Thursday, October 30, 2008

Once in a Lifetime

Does life ever feel confusing and uncertain? We are on the verge of a presidential election, the stock market has gone into meltdown (not knowing whether to go up or to stay down), and we get depressing news from all our media sources. Watch this video and then read below:




A prayer of one whose life is falling to pieces, and who lets God know just how bad it is. God, listen! Listen to my prayer, listen to the pain in my cries. Don't turn your back on me just when I need you so desperately. Pay attention! This is a cry for help! And hurry—this can't wait! Psalms 102:1-2 (MSG)


One of the lines of that video, "And you may ask yourself; Am I right?...Am I wrong?; And you may tell yourself; MY GOD!...WHAT HAVE I DONE?"

I think a lot of confusion that comes in life stems from control. The confusions rears its ugly head when we try to find out how we lost control or when we try to make sense of what we are doing. You may not have reached this place, but I did and have had several such moments since.

That first moment happened to me when I woke up one morning at North Georgia College going through what the cadets call Frog Week - orientation. I realized that I had gone from control of my life to living someone else's dream for me. Not that I should not have been there but the fact that I absolutely had no clue to who I was or to who I was becoming.
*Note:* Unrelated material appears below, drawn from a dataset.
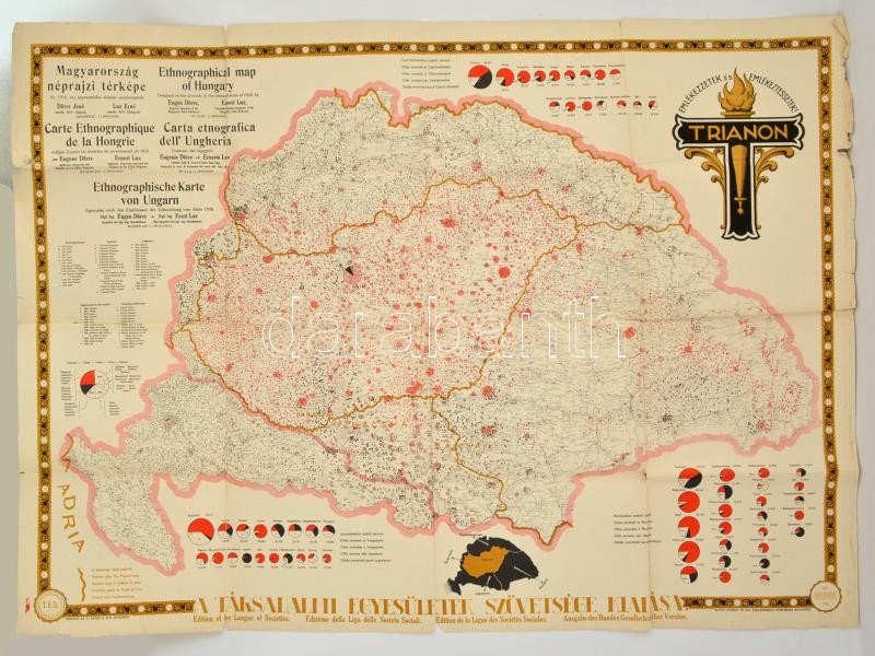 cca 1920 "Emlékezzetek és emlékeztessetek!-Trianon." Magyarország néprajzi térképe. Társadalmi Egyesületek Szövetségének kiadása. Az 1910. évi népszámlálás alapján szerkesztették Dörre Jenő, Lux Ernő, 1:900.000, Klösz Gy. és Fia, Bp., hajtásnyomokkal, a hajtások mentén szakadozott, 83x115 cm.
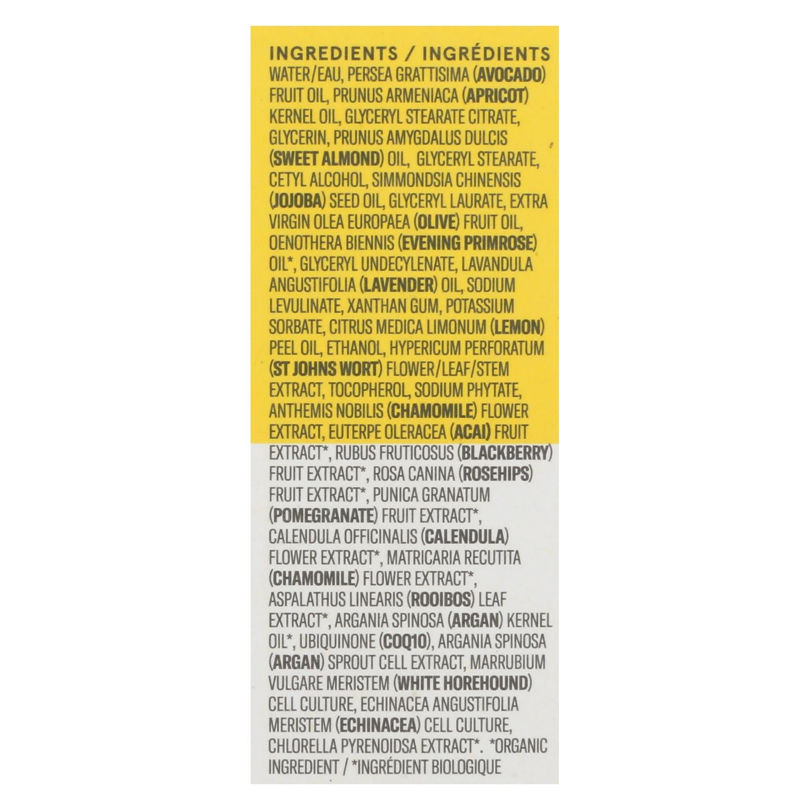 ingredients : water;aqua;persea gratissima;avocado;oil;prunus armeniaca;apricot;kernel oil;glyceryl stearate citrate;glycerin;cetyl alcohol;glyceryl stearate;prunus amygdalus dulcis;sweet almond;glyceryl laurate;simmondsia chinensis;jojoba;seed extract;glyceryl undecylenate;oenothera biennis;evening primrose;lavandula angustifolia;lavender;xanthan gum;olea europaea;olive;fruit oil;sodium levulinate;potassium sorbate;citrus medica limonum;lemon;peel oil;citric acid;sodium phytate;tocopherol;euterpe oleracea;ac

I walked away from a 100% scholarship and extra pay. Stupid when I look back on it, but life transforming as I explore it in my thoughts. The problem was that at the time I was not a Christian. I had walked away from God years before, and at that time I just did not know what to do with me. God had listened to me and given me what I wanted - total control to make my choices - wrong or right.
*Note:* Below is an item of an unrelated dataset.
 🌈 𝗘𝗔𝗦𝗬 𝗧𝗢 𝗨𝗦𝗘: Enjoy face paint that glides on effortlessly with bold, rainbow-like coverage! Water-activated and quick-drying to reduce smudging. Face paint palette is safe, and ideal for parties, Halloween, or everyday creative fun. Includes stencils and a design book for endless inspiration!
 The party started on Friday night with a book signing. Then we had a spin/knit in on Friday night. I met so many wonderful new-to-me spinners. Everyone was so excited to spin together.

I look back now and say - My God, what have I done? I was so busy trying to run my life that I did not realize that though I did not know who I was at the time I was becoming who God really wanted me to be. I was so busy running that I lost track of where I was going. Kind of reminds of the scene from Forrest Gump where he begins running and running and then one day wakes up and goes home.

God gave me a chance to wake up. I looked back and looked at what I had done to my life. Take a look at another line from that video:

"Water dissolving...and water removing
There is water at the bottom of the ocean
Carry the water at the bottom of the ocean
Remove the water at the bottom of the ocean!"


A lot of people like myself, waste life trying to do things that do not need to be done - hence the line "remove the water from the bottom of the ocean". These are things that should never be done because quite honestly they are impossible. This is why people wake up and wonder what they have done with their life.

My life would be completely different had I never left God in the first place. God made a difference because through Him I have relevance. My life has meaning - it always had. I can cry out to Him and He helps me sort things out in my mind.

Do I still regret that my life went the way it went? No. My only regret is that I did it without God.